[Collected data entries]
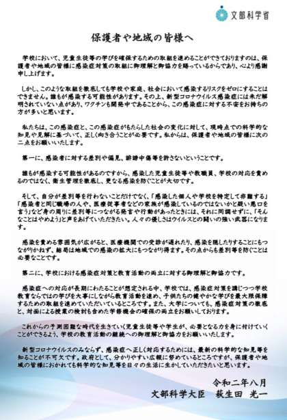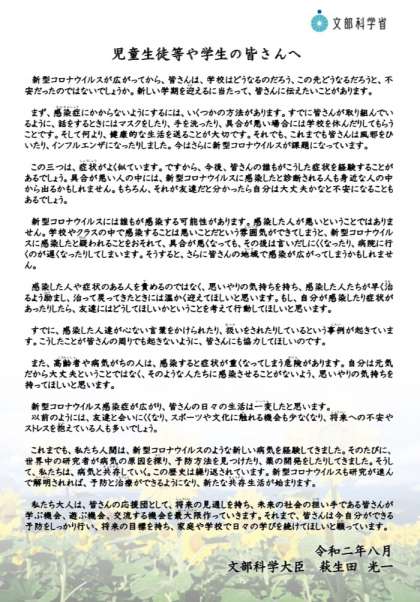 文部科学省より以下の通り、文部科学大臣からのメッセージが発表されております。
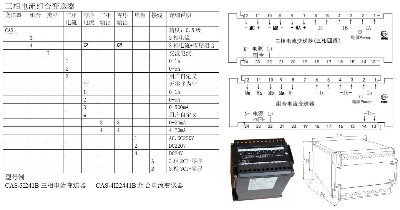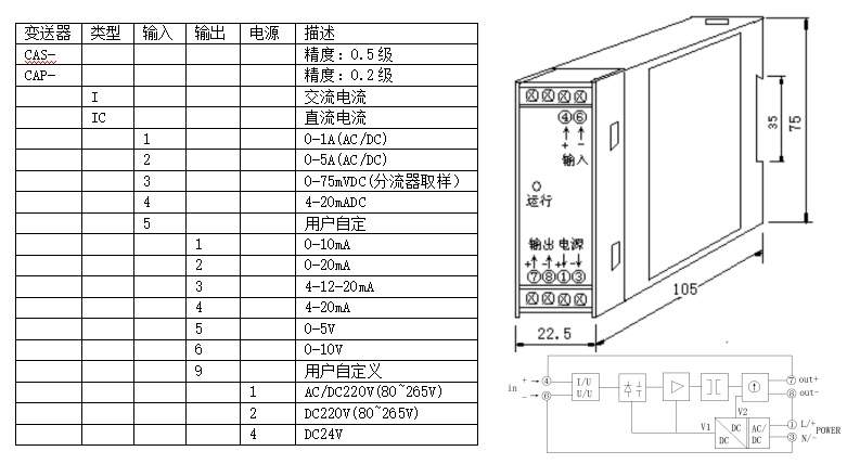 CAS系列電量變送器是將被測交直流電流、電壓等信號轉換成按線性比例輸出直流電流、電壓并隔離的設備。
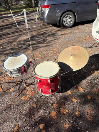 The price includes the vintage floor, Tom, which has some corrosion issues but could be cleaned up by somebody who knows what they’re doing. All the items you see pictured here have been are included with the price. The top high hat symbol says Zim-Gar.
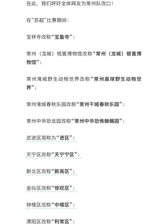 到处写建议,让寓意不好的景点和区域在苏超期间暂时更名。什么宝林寺,保零寓意很差。再比如武进区,武进不是没有进步。淹城的动物世界和天堂也被盯上了。就因为 " 淹 " 字太水。
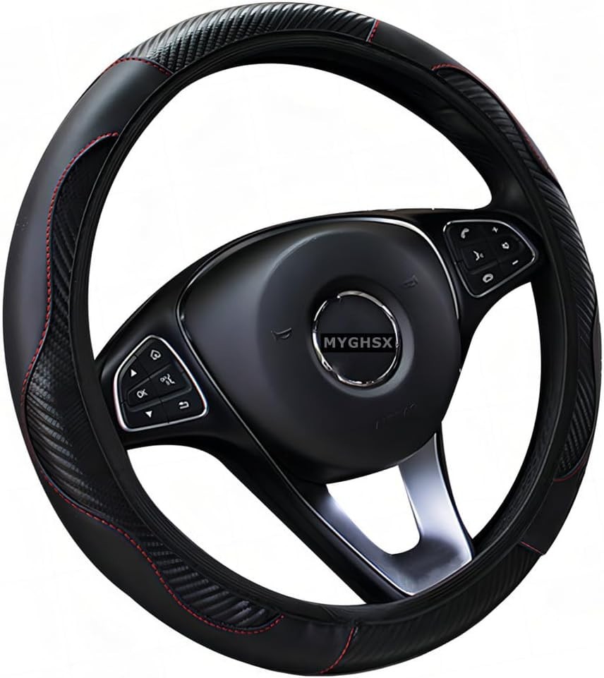 Steering Wheel Cover, Universal Microfiber Leather Elastic Carbon Fiber 15 in
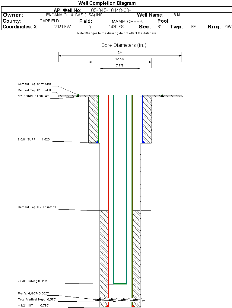 | Wellbore Completed | | Completion Date: | 12/27/2005 | | Spud Date: | 3/18/2005 | Spud Date Is: | ACTUAL | | Measured TD: | 6780 ft. | Measured PB depth: | 6728 ft. | | True Vertical TD: | 6576 ft. | True Vertical PB depth: | | | Top PZ Location: | Sec:31 Twp: 6S 92W | Footage: 671 FSL 1087 FEL | | Bottom Hole Location: | Sec:31 Twp: 6S 92W | Footage: 671 FSL 1087 FEL | | Log Types: | RST,/GR/CCL; BOND LOG | | Casing: | String Type: CONDUCTOR, Hole Size: 24 in., Size: 16 in., Top: 0 ft., Depth: 40 ft., Weight: , Citings Type: ACTUAL | | Cement: | Sacks: , Top: 0 ft., Bottom: 40 ft., Determination Method: CALC | | Casing: | String Type: SURF, Hole Size: 12.25 in., Size: 8.625 in., Top: 0 ft., Depth: 1520 ft., Weight: , Citings Type: ACTUAL | | Cement: | Sacks: 1060, Top: 0 ft., Bottom: 1520 ft., Determination Method: CALC | | Casing: | String Type: 1ST, Hole Size: 7.875 in., Size: 4.5 in., Top: 0 ft., Depth: 6780 ft., Weight: , Citings Type: ACTUAL | | Cement: | Sacks: 900, Top: 3700 ft., Bottom: 6780 ft., Determination Method: CBL | | Formation | Interval Top | Log Bottom | Cored | DSTs | | WASATCH | 0 ft. | 3819 ft. | N | N | | WILLIAMS FORK | 3820 ft. | | N | N |
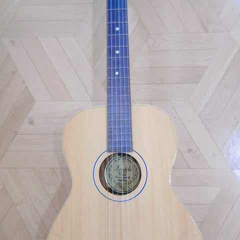 Landola Akustinen kitara. Sarjanumero 235801. Pinta melko vanha, joten pintalakassa on hieman hiussäröjä ja muutama naarmu. Kielet vaihtokuntoiset.
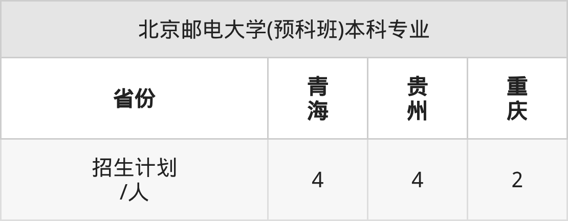 北京邮电大学(预科班)面向贵州(4人)、重庆(2人)、青海(4人)开展本科招生。招生批次为本科批。
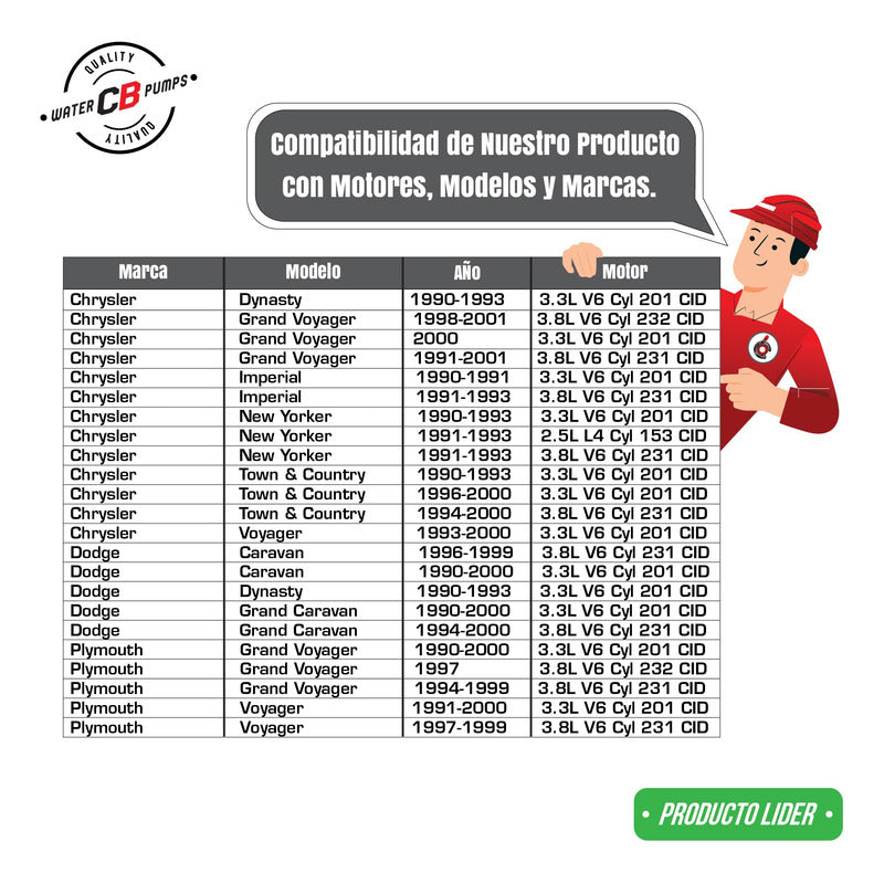 Modelo: CHRYSLER Grand Voyager 1991-1995 1998-2001 3.8l 2000 3.3l Imperial New Yorker 1990-1991 3.3l 1991-1993 3.8l Town &Country 1994-2000 3.8l 1990-1993 1996-2000 3.3l Voyager 1993-2000 3.3l Caravan 1991-2000 3.3 1996-1999 3.8 Dynasty 1990-1993 3.3 V6
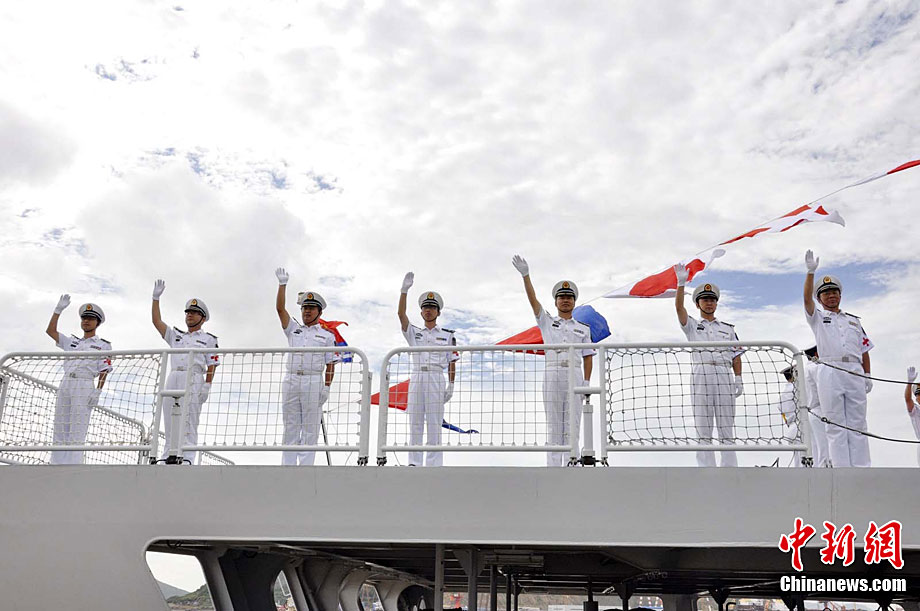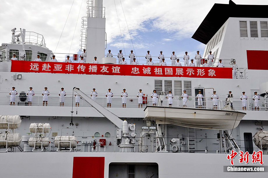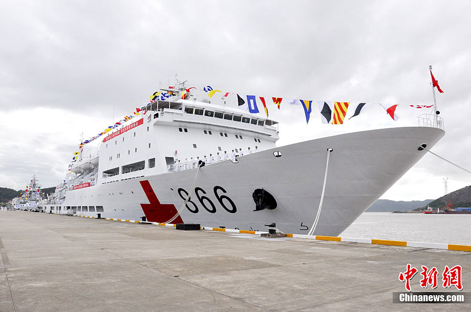 8月31日,經(jīng)中央軍委批準(zhǔn),由中國(guó)自行研制的世界首艘萬(wàn)噸級(jí)“和平方舟”號(hào)醫(yī)院船從舟山某軍港啟航,前往亞丁灣海域及吉布提、肯尼亞、坦桑尼亞、塞舌爾、孟加拉五國(guó)執(zhí)行“和諧使命——2010”任務(wù)。這是中國(guó)“和平方舟”號(hào)醫(yī)院船首次赴國(guó)外執(zhí)行巡診及醫(yī)療服務(wù)任務(wù)。圖片來(lái)源:cnsphoto 胡善敏 攝
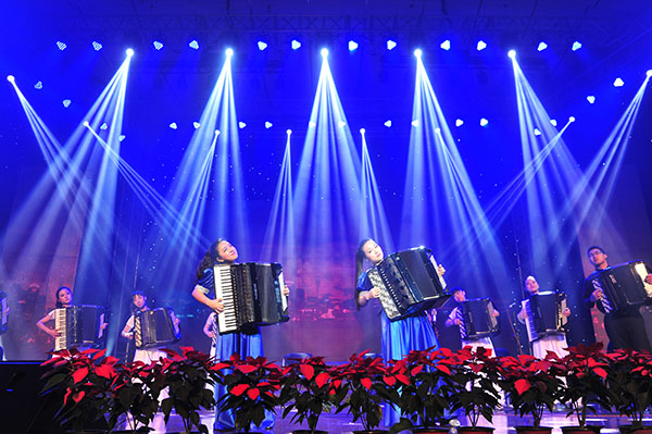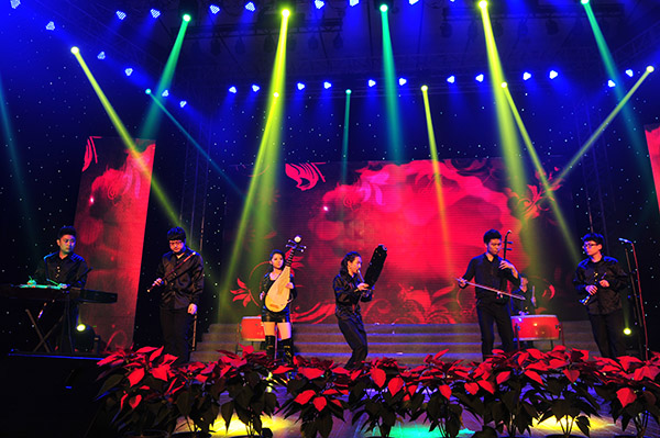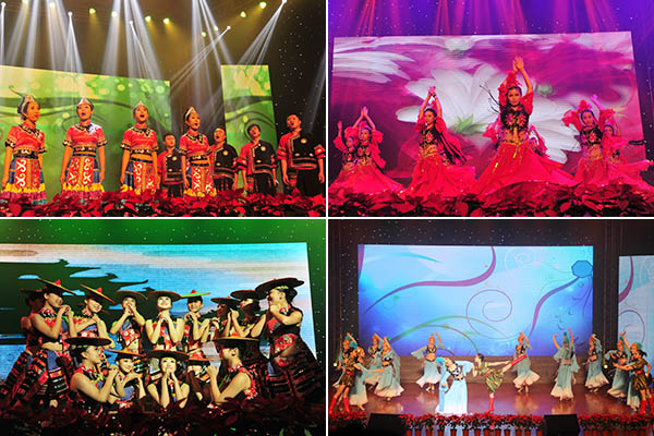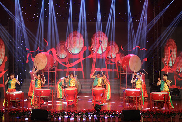 晚会在激昂的鼓声中拉开序幕。本次晚会结合了歌舞、舞台剧、小品等多种表演形式,学子们以悠扬歌声和妙曼舞姿表达了不忍离别的无尽感慨和对母校、恩师的美好祝愿,淋漓尽致地展示了川音学子的的独特风采。由我院院长林戈尔教授作曲、毕业生林子默演唱的《阳光下的中国》更是把整场晚会推向了高潮。最后由副院长孙洪斌教授和青年教师郑仁清作曲的合唱歌曲《为祖国歌唱》为晚会划下了完美的句号。

→ **Work instruction**
Would you output only the span of the records above that opens with the line containing "Landola Akustinen kitara." and closes with the line containing "北京邮电大学(预科班)面向贵", ends included and pictures dropped?

→ **Response to the exercise**
 Landola Akustinen kitara. Sarjanumero 235801. Pinta melko vanha, joten pintalakassa on hieman hiussäröjä ja muutama naarmu. Kielet vaihtokuntoiset.
 北京邮电大学(预科班)面向贵州(4人)、重庆(2人)、青海(4人)开展本科招生。招生批次为本科批。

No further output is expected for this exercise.